Compassion, Winter 2021

Winter 2021 - Compassion | www.tcf.org.uk 10 With March came lockdown. In an extremely fragile state, my days focused entirely on a frantic fight for emotional and psychological survival. I drew upon principles of behavioural activation and mindfulness, keeping busy and physically active to avoid periods of pointless questioning, self-blame and rumination, and occasionally even succeeding. I repeated the mantra “One foot in front of the other” incessantly. Unable to see my other son, grandson or friends and family due to Covid, and incapable of working because of my own mental frailty, I cleaned kitchen cupboards, grew vegetables, repainted the living room. I spent time in the countryside or by the sea, listening to birdsong, the wind in the trees, the waves on the beach. I learned the names of wildflowers, tuned into the feel of my feet in my boots, the ground beneath them. I did yoga every morning and walked every afternoon, whatever the weather. I filled gaps with jigsaws, Scrabble and Sudoku, read books and watched films. Anything to avoid the pain of now. In addition to grief, I was struggling with trauma, shock, horror. I experienced panic attacks for the first time in my life, generated by internal and external triggers: a memory, an image, a half-formed thought, a glimpse of someone who looked vaguely like Anton. To try to manage the PTSD symptoms I kept a journal. I talked about him and about my feelings with anyone who would listen.
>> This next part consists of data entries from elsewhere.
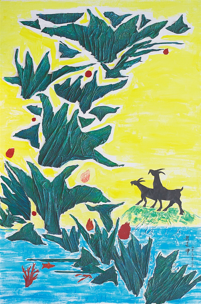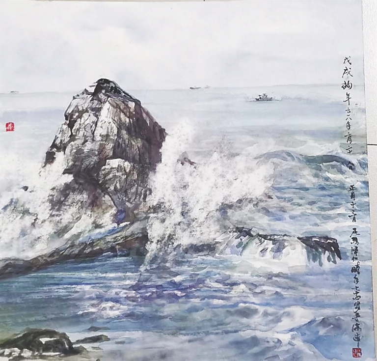 此次展览中,尼玛泽仁带来了《五指山》《三亚海岸》《清水湾的海浪》《海南三亚鸟巢》等4幅国画。“叠翠就是无尽的绿色,这是海南的底色。我的画作赞誉的是海南的生态平衡,赞誉的是海南人民对生态的保护。”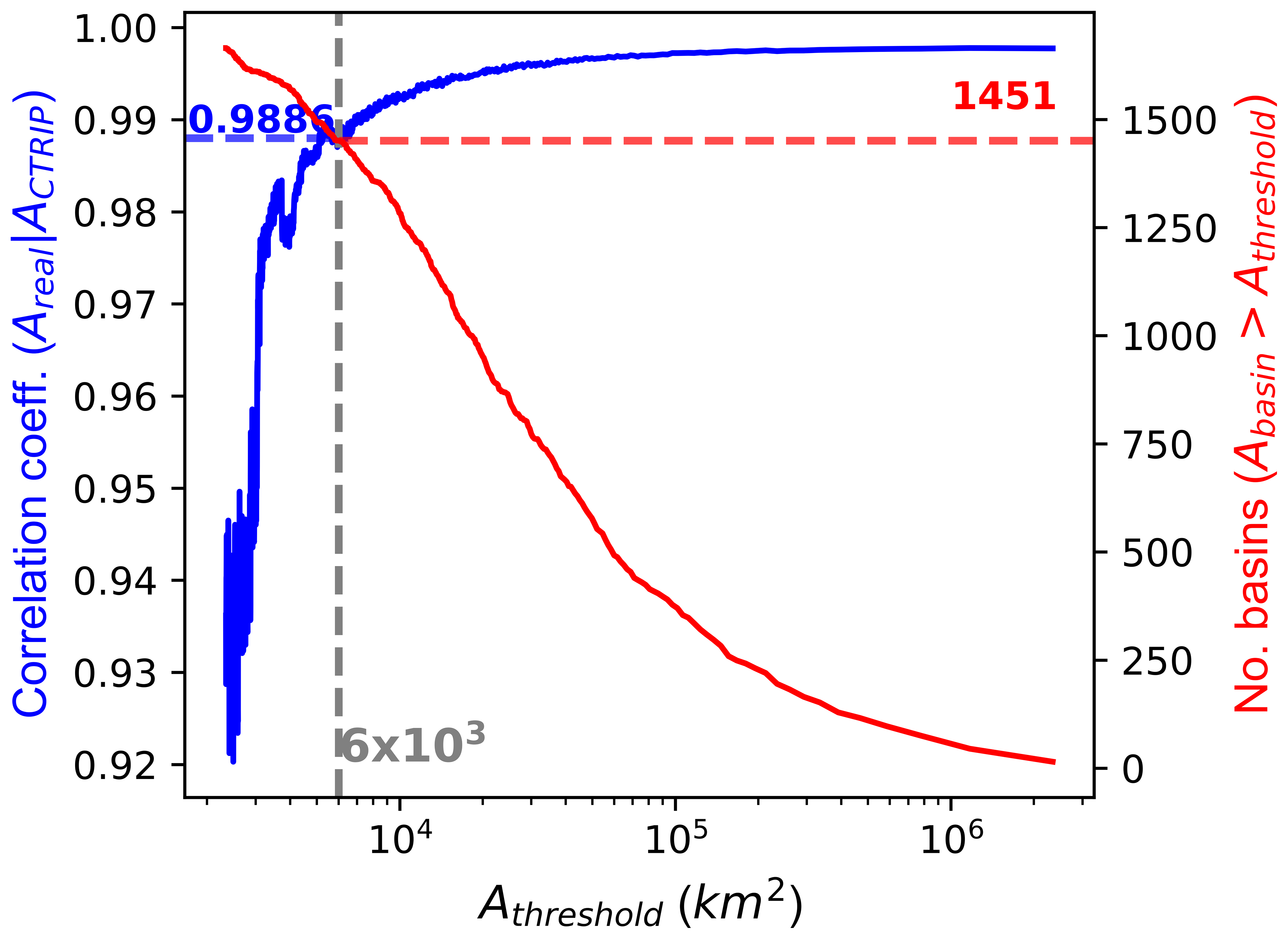 We conducted a correlation analysis to select the minimum drainage area considered in the study. For basins with an area higher than a certain threshold (Athreshold), Fig. 2 shows the correlation between the basin area (Abasin) and the area estimated for the CTRIP routing model (ACTRIP). With increasing Athreshold, the correlation increases, but the number of available basins is reduced. The threshold is set to 6×103 km2 (about two CTRIP cells per basin in mid-latitudes) to maintain a balance between the number of basins analysed and their geometrical representation and to avoid considering basins inside the spurious oscillating correlation curve (Fig. 2). There are 1451 gauged basins with Abasin≥Athreshold, with an Abasin|ACTRIP correlation of 0.9886.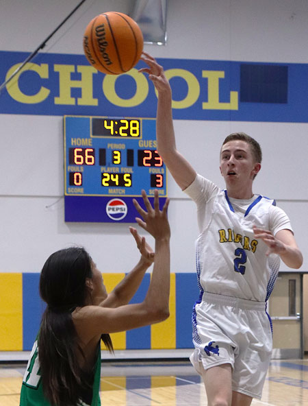 Senior Charles Richardson scored 19 points on eight field goals (one 3-pointer) plus 2-3 free throws, senior Keegan Corona scored 18 on seven field goals (two 3-pointers) plus 2-2 free throws, junior Joel Mattice 18 on nine field goals, and junior Nash Bodily 10 on four field goals (one 3-pointer) plus 1-2 free throws. Junior Tanner Smith added nine points, senior Keaton Bryce eight, junior Brendan Skiba seven, junior Gilbert Bryce four, senior Isaac Thompson and junior Stratton McRae two each.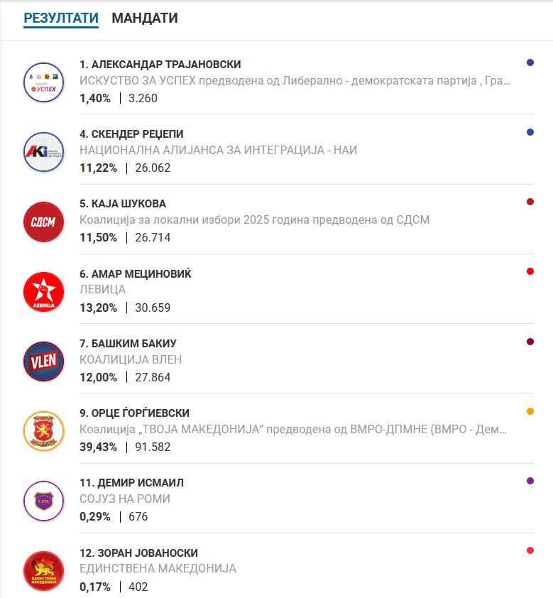 ОФИЦИЈАЛНО: Mециновиќ и Ѓорѓиевски во борба за Скопје – Втор круг ќе има во 33 општини!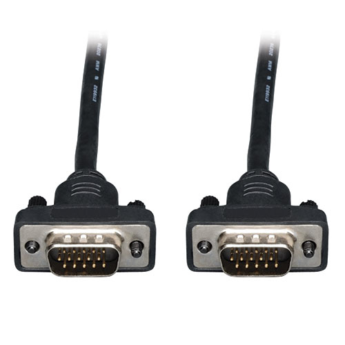 Tripp Lite's, PVC, SVGA / VGA Compact monitor replacement cable, features a 40% reduced diameter cable, and smaller molded connectors. The mini-coax (RGB) and paired video wire construction delivers superior video signal quality, up to 2048x1536. Nickel plated connectors and gold plated copper contacts ensure excellent conductivity. Double shielding (foil and braid) provides maximum EMI/RFI protection. Both high density DB15 male connectors are molded and have integral strain relief to ensure long life.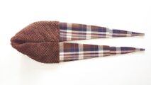 端にかけて先細になるようデザインしました。直接肌に接する中央部にはポコポコ感触のパイナップルボアを、左右の結び目側にはタータンチェック柄のコットンを配置しました。当ショップ既存の『肌ストール』パターンで異素材を合わせて作った秋冬マフラーです。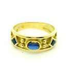 Anillo moderno realizado en oro 18k macizo con zafiros azules centrales.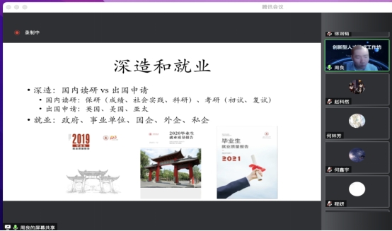 工作坊的第四个环节周良老师对信息管理类专业的就业形势进行了分析,周良老师基于相关统计数据,从深造和就业两方面展示了近年PA视讯游戏官网信息管理类同学的毕业去向,并对其趋势和原因展开深度分析。通过周良老师的就业形势分析,同学们对未来发展方向选择与路径规划有了更为明确和清晰的认识。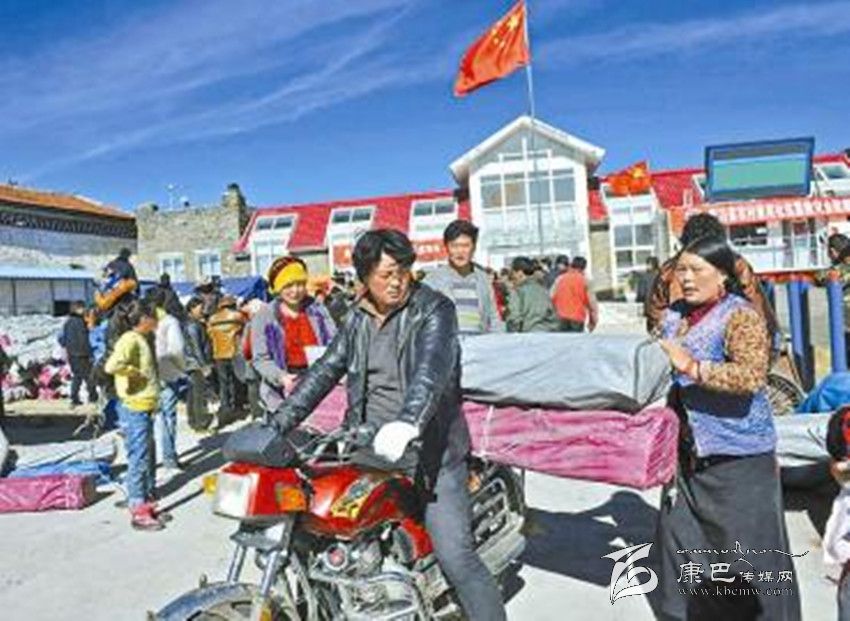 11月26日,康定縣塔公鄉(xiāng)江巴村受災村民將在村委會領(lǐng)到的救災物資拉回家。 吳傳明 攝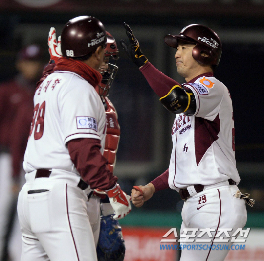 9일 오후 서울 목동 야구장에서 2014 프로야구 KIA와 넥센의 경기가 열렸다. 6회말 무사서 넥센 이택근이 좌중월 솔로홈런을 친 후 홈에서 심재학 코치와 하이파이브를 나누고 있다. 목동=김경민 기자 kyungmin@sportschosun.com / 2014.04.09. |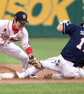 2014.08.20 18: 54오재원,'공이 먼저 도착했네'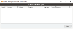 This is the list of users logged in to the current database. If you have Administrator permissions then the list will display logged-in users from all databases connected by server. The details displayed are as follows: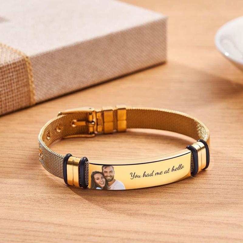 Personaliza la pulsera grabando en ella su fotografía y un mensaje especial, y conviértela en un objeto inolvidable.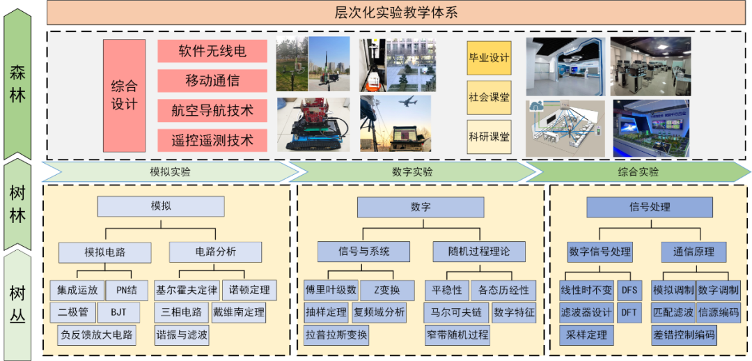 由点及面建立实验与课程的多维度交叉融合的知识体系,将课程理论知识与实验有机结合。通过课程实验重现经典形成“树丛”、综合实验贯穿课程构建“树林”、创新实验建立体系打造“森林”。建立了课程实验、综合实验、科研课堂、社会课堂与毕业设计相互连接的层次化实验教学体系。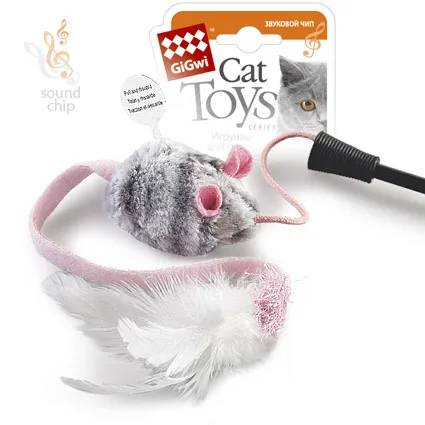 GiGwi Игрушка для кошек Дразнилка с музыкальным чипом на стеке Мышка пластик/перо 51 см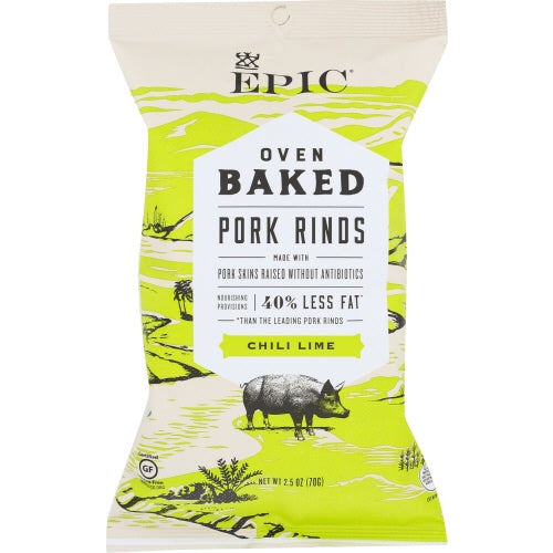 Satisfy your crunch craving when you reach for a bag for your next snack, lunch or as a breading alternative. With Chili Lime Baked Pork Rinds are made with pork skins, lime, and a custom pepper spice blend.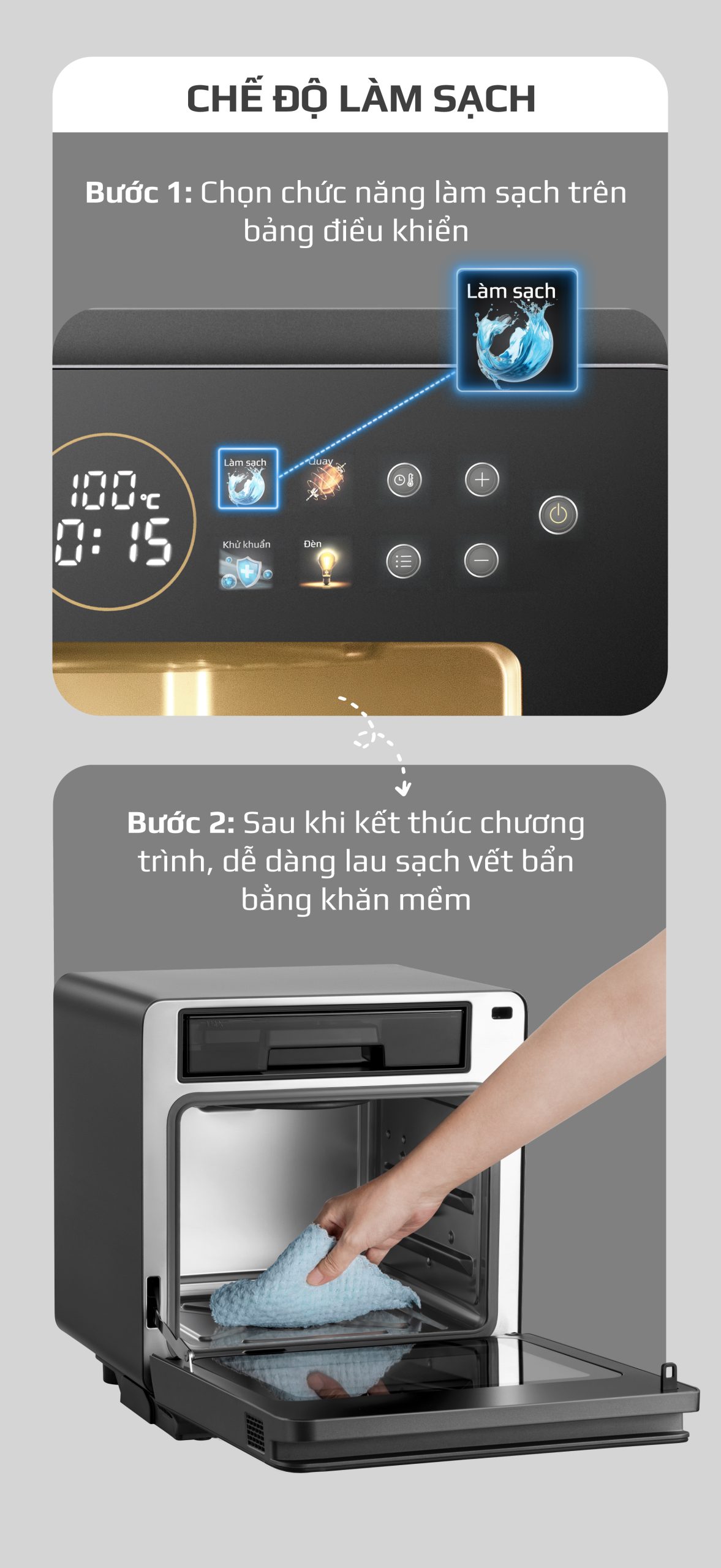 Ngoài ra, sau khi chọn chức năng Làm Sạch có thể chọn thêm chức năng Khử Khuẩn để làm sạch sâu, loại bỏ vi khuẩn đảm bảo khoang nồi luôn sạch bong, sáng bóng.

I wrote poetry. I exchanged hundreds of messages with friends and family, trying to find words to express the inexpressible, process the impossible, and find some sense of meaning that would enable me to live without my son. In desperation I called helplines and The Samaritans, just to be able to speak the words I needed to say and be heard. I joined groups for bereaved parents and suicide survivors. I read several blogs, numerous websites, and many, many books. Books by those who, like me had lost a child; books by people surviving suicide; books by therapists of all modalities experienced in working with suicide survivors and bereaved parents.